At TheLadders, we currently have a greater UX goal to incorporate our design process more dynamically and efficiently, so when my boss asked me if I wanted to attend an HTML & CSS workshop at a collaborative workspace called General Assembly, I jumped at the opportunity.

General Assembly is a global network of campuses for people seeking opportunity and education in technology, business, and design. It has locations in most major cities, both nationally and internationally, and its memberships provide private desk space to individuals, along with office space for deserving organizations. Partnerships with major philanthropic companies and corporations help to keep its engine going. They also offer a variety of workshops, covering topics from effective project management to powerful social media techniques, that incorporate hands-on education.

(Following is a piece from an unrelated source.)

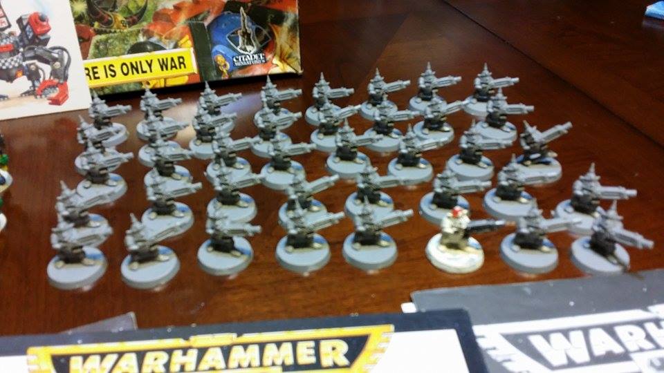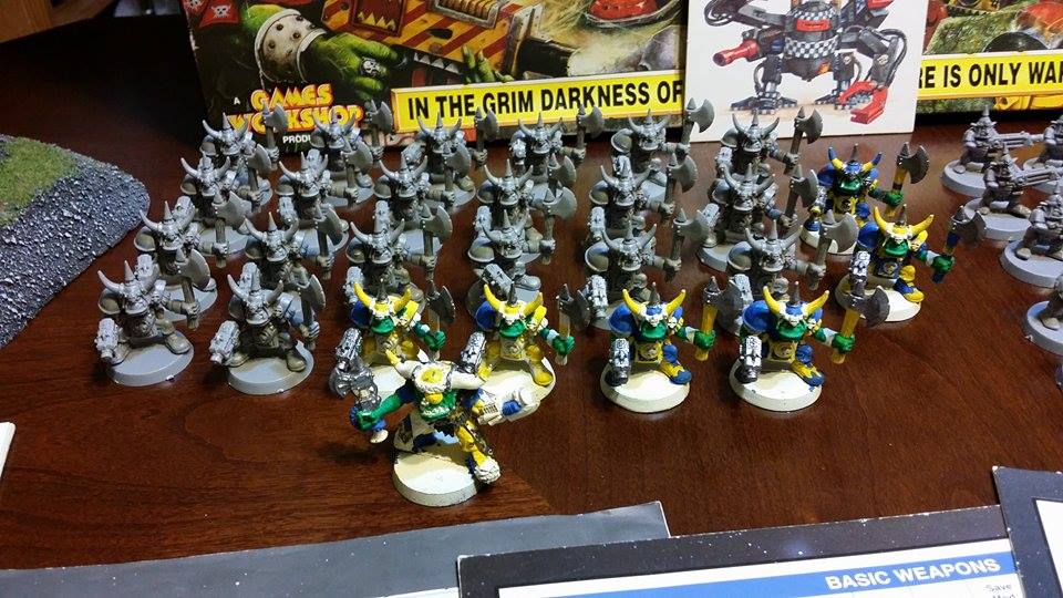 20 Orks (bolt pistol and axe),40 Gretchin (autogun),1 cardboard Ork dreadnought
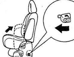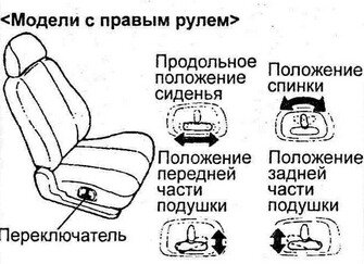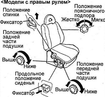 Сиденья Внимание: - Обязательно отрегулируйте сиденье перед поездкой. Отрегулируйте высоту подголовника так, чтобы его центр находился на уровне глаз. - После регулировки убедитесь в том, что сиденье надежно зафиксировано. - Во время движения не кладите подушку или что-либо подобное между спиной и спинкой сиденья. Это уменьшит эффективность действия подголовников при аварии. - Для уменьшения опасности травмирования в случае столкновения или резкого торможения спинки сидений водителя и пассажира во время движения автомобиля должны находиться в вертикальном положении. Когда спинка сиденья наклонена назад, защитное действие ремней безопасности значительно снижается. Возникает опасность, что человек при столкновении и резкой остановке автомобиля выскользнет из-под ремней, что может привести к серьезной травме. Регулировка передних сидений Регулировка сиденья осуществляется с помощью соответствующих рукояток, как показано на рисунках. На сиденье без электропривода для регулировки продольного положения или наклона спинки потяните рукоятку, переместите сиденье в нужное положение и отпустите рукоятку, чтобы зафиксировать сиденье. Примечание: расположение и действие некоторых рукояток для моделей с левым рулем зеркально отличается от приведенного на рисунках. (Сидениья без электропривода) Сиденья с электроприводом By Yustas

This particular workshop took place over a weekend – five hours on Saturday, and five hours on Sunday.  The instructor, Chris Castiglione, focused on what he called the good parts vs. the bad parts of the language.  He then educated us about the elements were expected to work with, mainly Front-end Web Development:

Front-end Web Development (FEWD): the process of writing code to provide the layout of a site, and how things look and behave in the browser. At its core, there are only three front-end languages: HTML, CSS and JavaS.

  • HTML is the STRUCTURE of our page 
  • CSS is the PRESENTATION (or style) of our page 
  • JS is often referred to as the BEHAVIOR of a web page

We then went into Sublime Text and began to code like crazy!  By the end of the workshop, we were able to create basic sites that ran completely on HTML & CSS. It was a fantastic experience, and I highly recommend General Assembly as a valuable resource for all technology professionals!

Tesia Kosmalski is a User Experience Designer at TheLadders. When she’s not ensuring high quality and meaningful user experiences online, she makes art with wacky things like electronics, sound and sometimes textiles even.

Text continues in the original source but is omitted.